RECORDED DATA
____________________

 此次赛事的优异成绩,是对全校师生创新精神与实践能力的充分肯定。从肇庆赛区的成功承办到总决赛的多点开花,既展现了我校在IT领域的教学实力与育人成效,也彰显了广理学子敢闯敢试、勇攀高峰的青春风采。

____________________

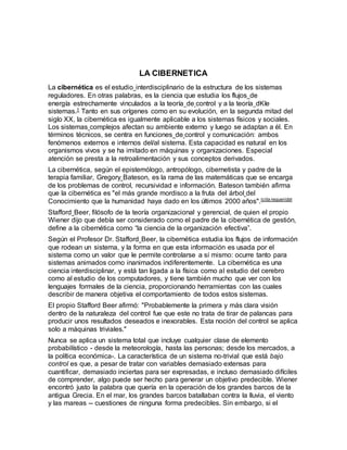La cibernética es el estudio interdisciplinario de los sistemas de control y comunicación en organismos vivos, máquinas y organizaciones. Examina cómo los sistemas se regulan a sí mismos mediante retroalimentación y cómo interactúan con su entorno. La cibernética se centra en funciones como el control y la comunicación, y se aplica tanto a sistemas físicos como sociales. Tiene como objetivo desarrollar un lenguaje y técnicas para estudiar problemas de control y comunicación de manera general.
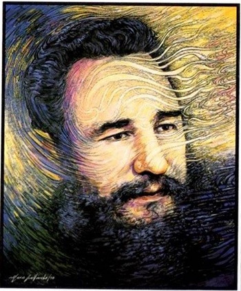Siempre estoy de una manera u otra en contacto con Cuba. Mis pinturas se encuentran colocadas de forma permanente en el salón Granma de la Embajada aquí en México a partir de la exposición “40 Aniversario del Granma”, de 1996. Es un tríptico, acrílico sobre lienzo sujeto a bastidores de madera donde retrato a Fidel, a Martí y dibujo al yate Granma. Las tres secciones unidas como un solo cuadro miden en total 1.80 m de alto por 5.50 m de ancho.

____________________

WORK REQUEST
Your answer must be the lines above from the one holding "La cibernética es" up to and including the one holding "Siempre estoy de", exact and with no pictures.

EXERCISE SOLUTION
La cibernética es el estudio interdisciplinario de los sistemas de control y comunicación en organismos vivos, máquinas y organizaciones. Examina cómo los sistemas se regulan a sí mismos mediante retroalimentación y cómo interactúan con su entorno. La cibernética se centra en funciones como el control y la comunicación, y se aplica tanto a sistemas físicos como sociales. Tiene como objetivo desarrollar un lenguaje y técnicas para estudiar problemas de control y comunicación de manera general.
Siempre estoy de una manera u otra en contacto con Cuba. Mis pinturas se encuentran colocadas de forma permanente en el salón Granma de la Embajada aquí en México a partir de la exposición “40 Aniversario del Granma”, de 1996. Es un tríptico, acrílico sobre lienzo sujeto a bastidores de madera donde retrato a Fidel, a Martí y dibujo al yate Granma. Las tres secciones unidas como un solo cuadro miden en total 1.80 m de alto por 5.50 m de ancho.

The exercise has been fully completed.